Transcribe, exactly and without pictures, the lines below from the line with "Kizlyar Supreme Maximus bushcraft kés" to the line with "如果比较各细分领域的融资金额", both ends included, and no others.
╭─ SOURCE DATA
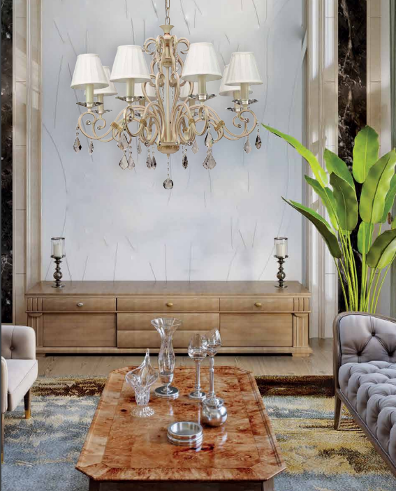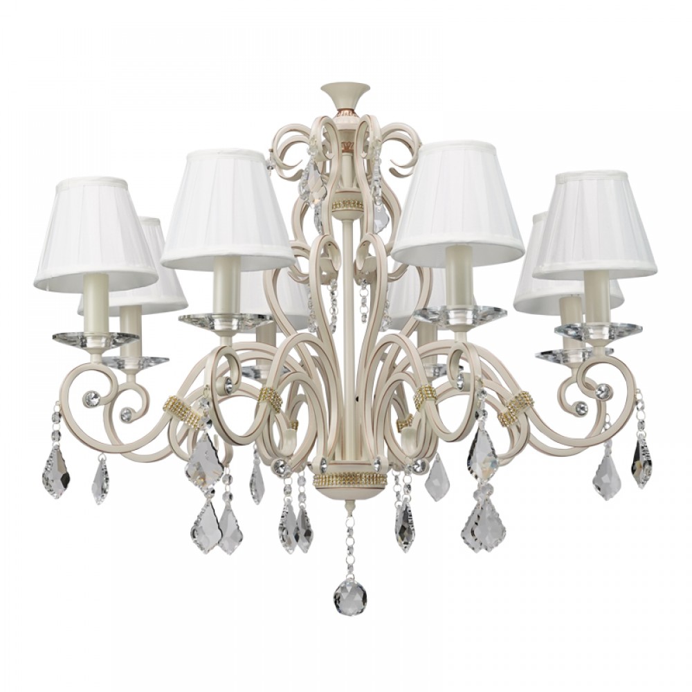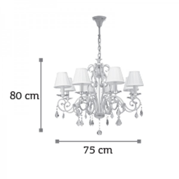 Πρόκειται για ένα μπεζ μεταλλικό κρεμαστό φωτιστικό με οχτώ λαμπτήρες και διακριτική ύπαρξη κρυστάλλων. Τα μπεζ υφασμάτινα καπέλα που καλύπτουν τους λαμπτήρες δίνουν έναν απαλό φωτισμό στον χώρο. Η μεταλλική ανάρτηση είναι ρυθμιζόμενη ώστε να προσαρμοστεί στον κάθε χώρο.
╰─
╭─ SOURCE DATA
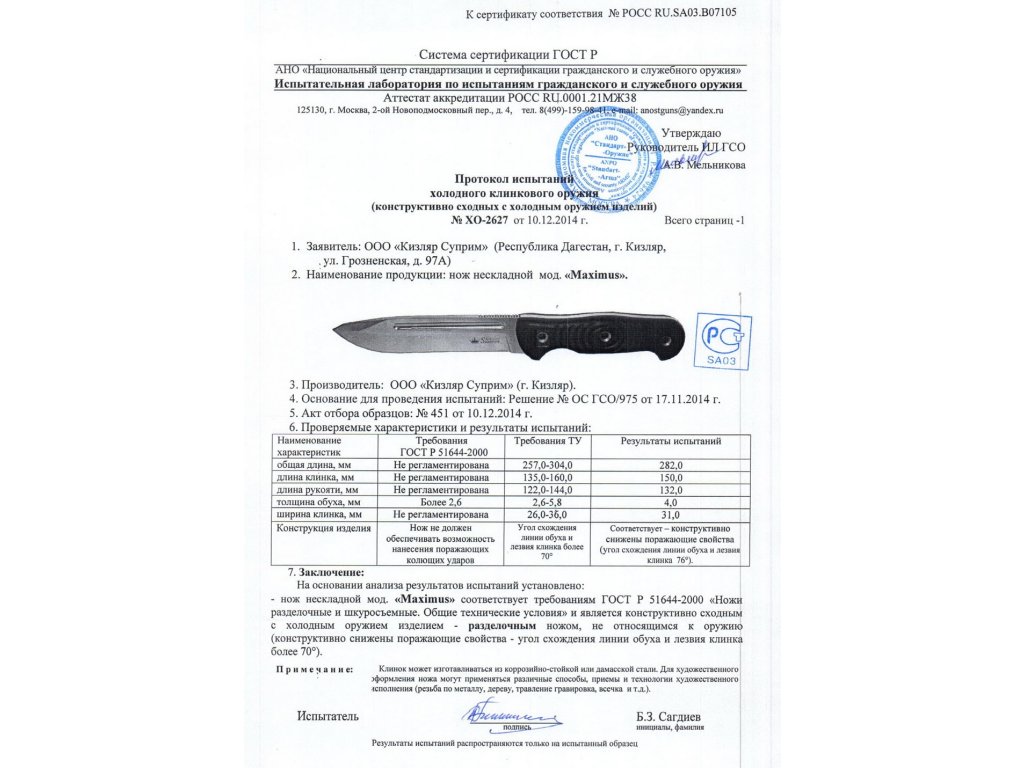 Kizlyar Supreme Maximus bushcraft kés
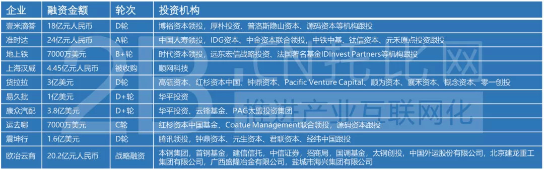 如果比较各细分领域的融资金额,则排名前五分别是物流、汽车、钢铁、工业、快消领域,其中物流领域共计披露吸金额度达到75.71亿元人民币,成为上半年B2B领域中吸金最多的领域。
╰─
### ANSWER SECTION
 Kizlyar Supreme Maximus bushcraft kés
 如果比较各细分领域的融资金额,则排名前五分别是物流、汽车、钢铁、工业、快消领域,其中物流领域共计披露吸金额度达到75.71亿元人民币,成为上半年B2B领域中吸金最多的领域。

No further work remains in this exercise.